**Records provided**
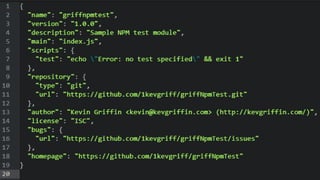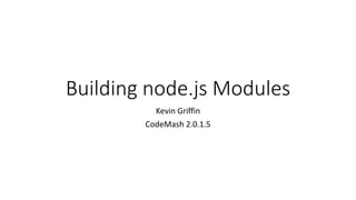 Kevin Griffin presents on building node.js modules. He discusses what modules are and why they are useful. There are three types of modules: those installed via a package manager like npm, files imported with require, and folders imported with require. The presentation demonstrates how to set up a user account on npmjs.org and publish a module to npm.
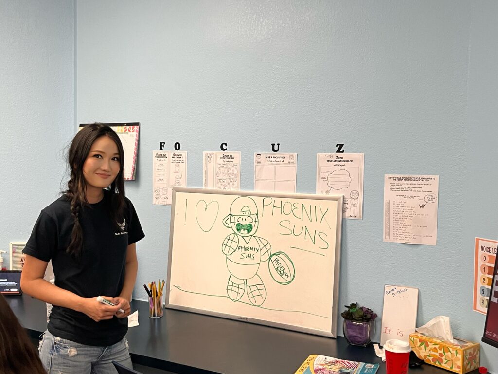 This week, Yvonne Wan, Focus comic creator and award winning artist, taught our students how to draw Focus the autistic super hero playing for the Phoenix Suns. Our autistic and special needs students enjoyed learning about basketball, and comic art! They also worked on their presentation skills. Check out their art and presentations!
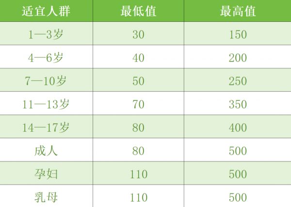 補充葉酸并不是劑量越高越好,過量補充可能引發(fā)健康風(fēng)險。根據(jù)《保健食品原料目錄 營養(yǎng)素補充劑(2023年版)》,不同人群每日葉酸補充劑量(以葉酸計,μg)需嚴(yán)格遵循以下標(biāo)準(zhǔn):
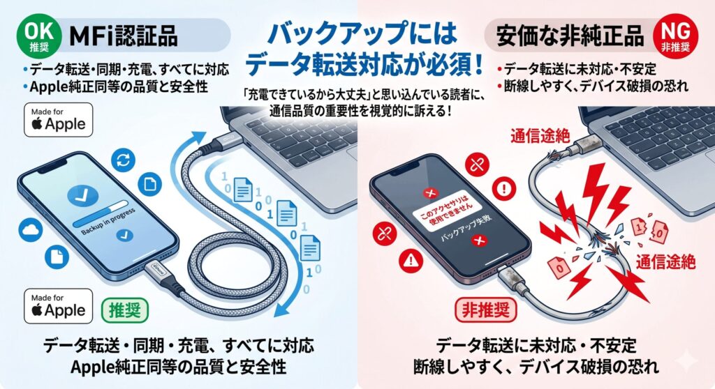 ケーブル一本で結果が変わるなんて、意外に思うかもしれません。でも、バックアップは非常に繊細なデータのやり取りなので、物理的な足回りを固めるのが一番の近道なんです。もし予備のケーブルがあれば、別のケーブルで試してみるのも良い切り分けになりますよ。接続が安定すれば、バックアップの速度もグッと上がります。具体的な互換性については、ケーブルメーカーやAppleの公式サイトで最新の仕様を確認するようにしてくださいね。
...
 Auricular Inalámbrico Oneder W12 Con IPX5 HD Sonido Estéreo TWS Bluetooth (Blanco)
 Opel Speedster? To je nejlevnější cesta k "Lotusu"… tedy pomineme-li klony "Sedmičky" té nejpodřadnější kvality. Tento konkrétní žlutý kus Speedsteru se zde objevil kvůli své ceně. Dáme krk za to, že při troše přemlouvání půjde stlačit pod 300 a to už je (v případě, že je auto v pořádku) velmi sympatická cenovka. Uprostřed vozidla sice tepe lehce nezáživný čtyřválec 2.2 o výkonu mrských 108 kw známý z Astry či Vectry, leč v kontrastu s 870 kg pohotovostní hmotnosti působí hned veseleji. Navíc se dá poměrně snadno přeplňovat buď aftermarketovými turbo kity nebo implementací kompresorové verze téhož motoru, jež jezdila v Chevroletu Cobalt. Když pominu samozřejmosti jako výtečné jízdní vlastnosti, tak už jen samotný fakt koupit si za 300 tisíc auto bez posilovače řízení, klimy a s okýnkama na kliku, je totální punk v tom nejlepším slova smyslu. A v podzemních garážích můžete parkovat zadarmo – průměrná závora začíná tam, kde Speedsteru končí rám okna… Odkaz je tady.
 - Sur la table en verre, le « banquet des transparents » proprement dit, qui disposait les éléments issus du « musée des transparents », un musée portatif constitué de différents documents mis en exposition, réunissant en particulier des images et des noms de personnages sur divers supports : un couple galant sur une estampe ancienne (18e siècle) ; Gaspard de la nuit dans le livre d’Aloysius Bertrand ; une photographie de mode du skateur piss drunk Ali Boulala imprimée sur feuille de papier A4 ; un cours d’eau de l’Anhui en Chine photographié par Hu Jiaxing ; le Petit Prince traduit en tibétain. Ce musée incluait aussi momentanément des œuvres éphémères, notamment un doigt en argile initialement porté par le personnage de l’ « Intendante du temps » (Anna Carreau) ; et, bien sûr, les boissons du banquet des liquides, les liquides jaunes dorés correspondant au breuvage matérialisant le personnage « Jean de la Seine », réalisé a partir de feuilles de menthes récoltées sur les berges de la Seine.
==
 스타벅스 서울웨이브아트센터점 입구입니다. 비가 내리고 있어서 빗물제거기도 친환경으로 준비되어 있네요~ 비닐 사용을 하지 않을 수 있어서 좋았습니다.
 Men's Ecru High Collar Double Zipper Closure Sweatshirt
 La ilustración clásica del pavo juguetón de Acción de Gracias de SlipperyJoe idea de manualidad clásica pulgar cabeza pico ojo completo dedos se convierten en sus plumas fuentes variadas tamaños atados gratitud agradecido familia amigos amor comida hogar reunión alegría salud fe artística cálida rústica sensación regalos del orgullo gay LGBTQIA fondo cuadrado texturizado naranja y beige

**Work item**
Of the entries above, transcribe exactly those lines that fall between the line containing "Men's Ecru High" and the line containing "La ilustración clásica", together with those two lines.

**Written response**
 Men's Ecru High Collar Double Zipper Closure Sweatshirt
 La ilustración clásica del pavo juguetón de Acción de Gracias de SlipperyJoe idea de manualidad clásica pulgar cabeza pico ojo completo dedos se convierten en sus plumas fuentes variadas tamaños atados gratitud agradecido familia amigos amor comida hogar reunión alegría salud fe artística cálida rústica sensación regalos del orgullo gay LGBTQIA fondo cuadrado texturizado naranja y beige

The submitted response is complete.